Frameworks, Pitfalls, and Mitigation Strategies
Relevant Frameworks
- FBI Pre-Attack Behavior Framework. [3]
- DHS Behavioral Indicators of Pre-Attack Preparations. [7]
- FEMA Comprehensive Preparedness Guidance emphasizes whole-community readiness. [5]
- OSHA Workplace Violence Prevention Guidelines. [4]
Common Pitfalls
- Treating threat indicators as isolated incidents.
- Overreliance on external responders instead of internal capability.
- Gaps between policy, physical security, and training.
Mitigation Strategies
- Use a layered framework combining behavioral, environmental, and procedural controls.
- Conduct joint exercises to reveal siloed decision paths.
- Update EOPs through recurring after-action reviews.
Quick Checklist
- Teach employees the six-phase progression of violent events.
- Build integrated behavioral, environmental, and procedural readiness.

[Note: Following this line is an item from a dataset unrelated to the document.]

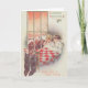 This vintage Victorian era greeting card has a very simple design. It depicts two children waking up to stocking filled with toys on Christmas morning.
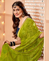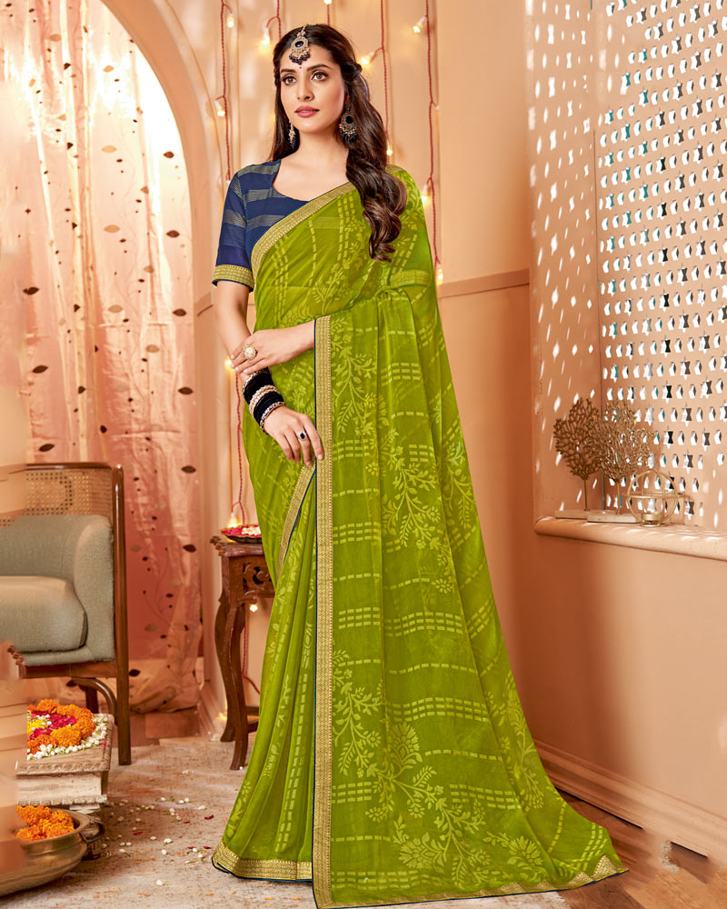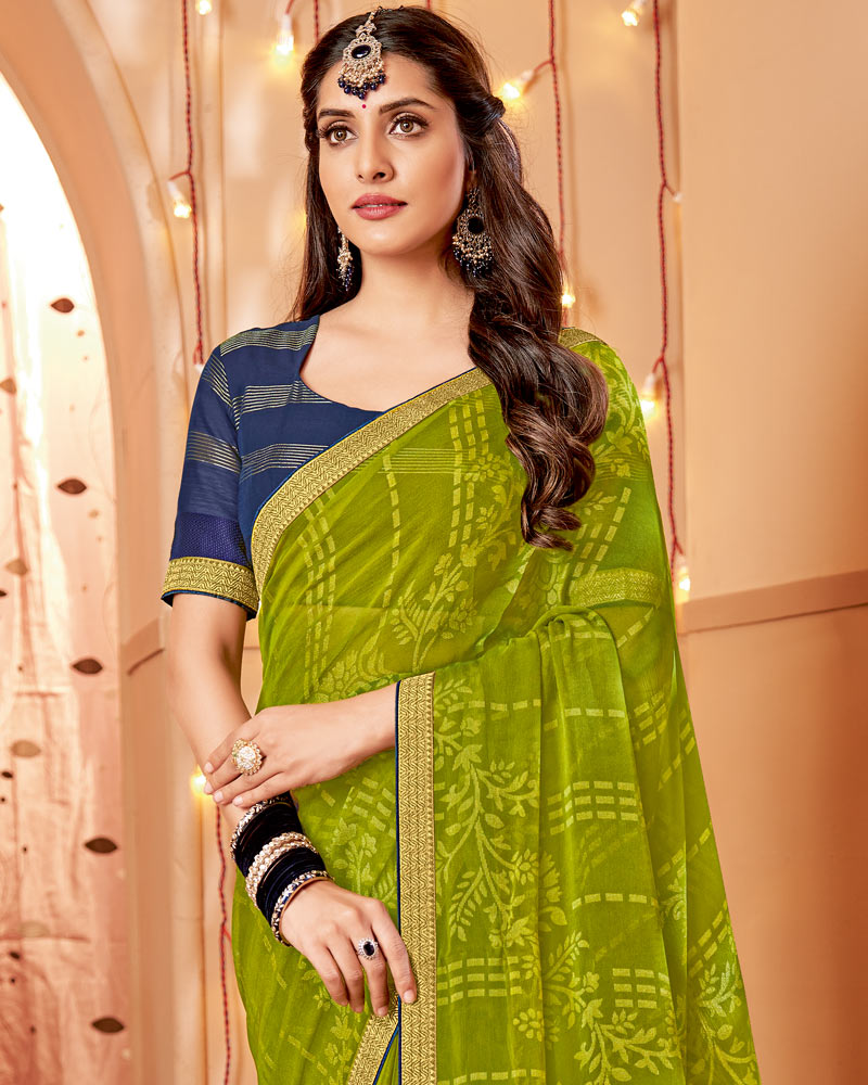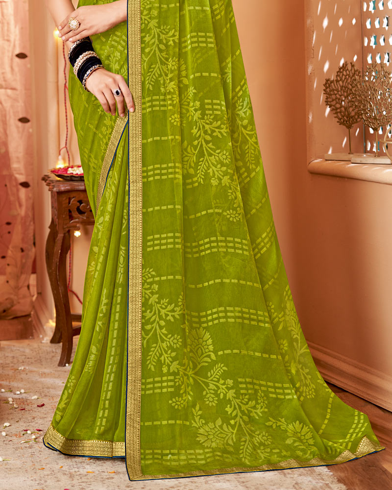 Vishal Prints Mehandi Green Dyed Chiffon-Brasso Saree With Zari Border

- Exercise plans regularly to reinforce rapid decision-making.
Final thought
Understanding how active threat events evolve gives organizations a practical pathway to earlier recognition and more effective intervention. When leaders embed this knowledge across operations, employees gain the confidence and capability to act decisively before violence occurs. Time and distance become assets reclaimed through awareness, planning, and practice.
References (endnotes)
[1] Mindset Shift Series Outline, LCG Discovery Internal Planning Document.
[2] Federal Bureau of Investigation. A Study of Active Shooter Incidents in the United States Between 2000 and 2013. https://www.fbi.gov/file-repository/active-shooter-study-2000-2013.pdf/view
[3] Federal Bureau of Investigation. A Study of the Pre-Attack Behaviors of Active Shooters in the United States Between 2000 and 2013. https://www.fbi.gov/file-repository/pre-attack-behaviors-of-active-shooters-in-us-2000-2013.pdf/view
[4] Occupational Safety and Health Administration. Workplace Violence Prevention Guidance. https://www.osha.gov/workplace-violence
[5] Federal Emergency Management Agency. Active Shooter Coordination. https://apps.usfa.fema.gov/pdf/efop/efo48002.pdf
[6] United States Fire Administration. Fire and EMS Considerations for Active Shooter and Mass Casualty Incidents. https://www.usfa.fema.gov/downloads/pdf/publications/active_shooter_guide.pdf
[7] Department of Homeland Security. Behavioral Indicators of Pre-Attack Preparations. https://www.dhs.gov/national-threat-evaluation-and-reporting
This article is for general information and does not constitute legal advice.